| SOURCE MATERIAL |
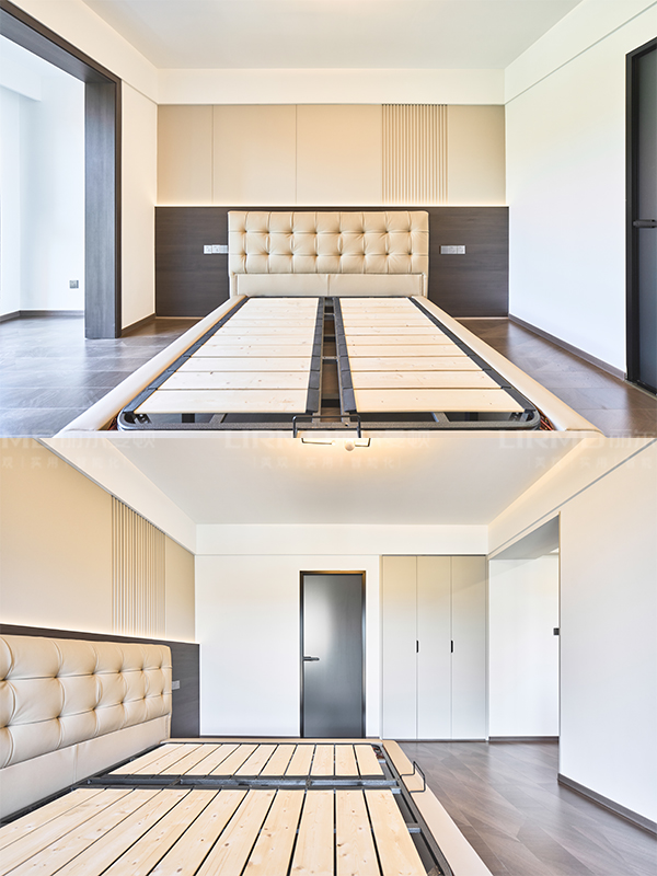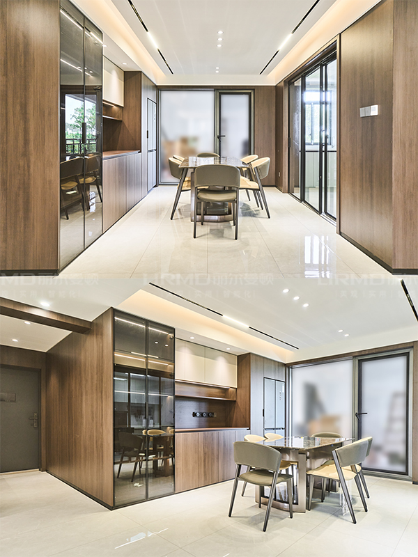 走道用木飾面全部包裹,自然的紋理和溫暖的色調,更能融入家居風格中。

---

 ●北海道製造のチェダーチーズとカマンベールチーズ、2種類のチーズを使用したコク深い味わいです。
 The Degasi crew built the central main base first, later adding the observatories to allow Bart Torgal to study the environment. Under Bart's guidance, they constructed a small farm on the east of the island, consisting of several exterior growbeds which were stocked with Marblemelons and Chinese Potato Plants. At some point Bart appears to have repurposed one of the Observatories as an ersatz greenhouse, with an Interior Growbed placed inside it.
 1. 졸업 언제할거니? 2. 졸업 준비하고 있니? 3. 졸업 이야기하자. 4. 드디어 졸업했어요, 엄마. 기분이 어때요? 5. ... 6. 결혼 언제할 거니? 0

| WHAT TO DO |
The output should be exactly the lines above from the line containing "The Degasi crew" to the line containing "1. 졸업 언제할거니?", inclusive, with no other lines.

| EXERCISE RESULT |
 The Degasi crew built the central main base first, later adding the observatories to allow Bart Torgal to study the environment. Under Bart's guidance, they constructed a small farm on the east of the island, consisting of several exterior growbeds which were stocked with Marblemelons and Chinese Potato Plants. At some point Bart appears to have repurposed one of the Observatories as an ersatz greenhouse, with an Interior Growbed placed inside it.
 1. 졸업 언제할거니? 2. 졸업 준비하고 있니? 3. 졸업 이야기하자. 4. 드디어 졸업했어요, 엄마. 기분이 어때요? 5. ... 6. 결혼 언제할 거니? 0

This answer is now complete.